The idea seems outrageous, but Prof. Milo introduced an extremely convincing picture. She argued that not all data is equally important, and distinguished between
- critical data, which cannot be lost at any time,
- important data that we need but we can live without (maybe can be recomputed at some cost), and
- potentially important data, which may be important, but not right now.
Given that, if we do not pick ourselves which data to forfeit, the circumstances will decide for us, she moved to the challenges we need to face. In particular the balance between size and importance, the question on which data is easy to summarize and how to summarize such data, and finally how to automatic generate a data disposal policy. Interesting was the idea of an automated exploration agent (deep reinforcement learning?) that would move around and try to discover data that can be important and data that can be disposed.

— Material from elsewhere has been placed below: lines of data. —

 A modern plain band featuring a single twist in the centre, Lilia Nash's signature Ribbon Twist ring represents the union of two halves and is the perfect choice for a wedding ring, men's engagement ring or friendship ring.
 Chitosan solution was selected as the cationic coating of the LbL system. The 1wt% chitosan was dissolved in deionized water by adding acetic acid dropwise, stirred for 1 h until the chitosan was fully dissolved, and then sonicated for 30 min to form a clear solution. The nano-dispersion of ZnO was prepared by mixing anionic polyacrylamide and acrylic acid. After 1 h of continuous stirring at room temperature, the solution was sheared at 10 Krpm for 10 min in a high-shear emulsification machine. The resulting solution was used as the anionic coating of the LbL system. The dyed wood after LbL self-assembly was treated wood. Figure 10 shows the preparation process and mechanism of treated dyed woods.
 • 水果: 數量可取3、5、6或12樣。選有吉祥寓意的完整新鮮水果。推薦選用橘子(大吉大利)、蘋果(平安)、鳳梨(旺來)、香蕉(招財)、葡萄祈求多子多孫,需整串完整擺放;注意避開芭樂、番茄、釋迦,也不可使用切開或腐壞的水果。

Other interesting tidbits: Data lakes, Timely Dataflow, and Data Exploration
The other topics that attracted my attention at this conference were:
- The tutorial on data lakes.
- A work by Lai et al that studied how to do distributed subgraph matching on Timely Dataflow.
- Optimization for Active Learning-based Interactive Database Exploration, by Huang et al.

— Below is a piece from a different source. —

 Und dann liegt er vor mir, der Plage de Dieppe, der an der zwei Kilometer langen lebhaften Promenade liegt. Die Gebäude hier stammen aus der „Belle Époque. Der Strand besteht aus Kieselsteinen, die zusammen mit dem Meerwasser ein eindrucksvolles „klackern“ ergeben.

- A vision paper on Exploring Change: A New Dimension of Data Analytics, by Bleifuß et al.
- Example-Driven Query Intent Discovery: Abductive Reasoning using Semantic Similarity, by Fariha and Meliou.
- The poster of the VLDBJ survey on Summarizing Semantic Graphs.
- As well as a very interesting demo on A Modular Framework for Analytical Exploration of RDF Graphs.
To summarize this quite intense conference season, I'm happy to report on the ubiquity of Knowledge Graphs. They are adopted in multiple forms to enhance systems and algorithms in many tasks. In my view KGs are the perfect tool to build such intent aware data exploration systems that can help us find our route in this immense sea of data. At the same time, KGs, being graphs, require efficient graph data management systems. I have the feeling that such systems will arise from the intersection of triplestores and property graphs.
Participating to such important events was a privilege to me, but I cannot avoid thinking to the number of planes I took and to the impacts they had. Has highlighted by many sources among which the SIGPLAN initiative on Climate Change «Air travel is a significant source of greenhouse gas emissions, which in turn are a significant contributor to climate change».
I've already read or heard somewhere the idea that some of the major conferences should join forces and maybe organize to be in the same place almost at the same time, or even take place only once every other year. I'm not sure what would be the best solution, but for sure I'll start being more mindful of the issue.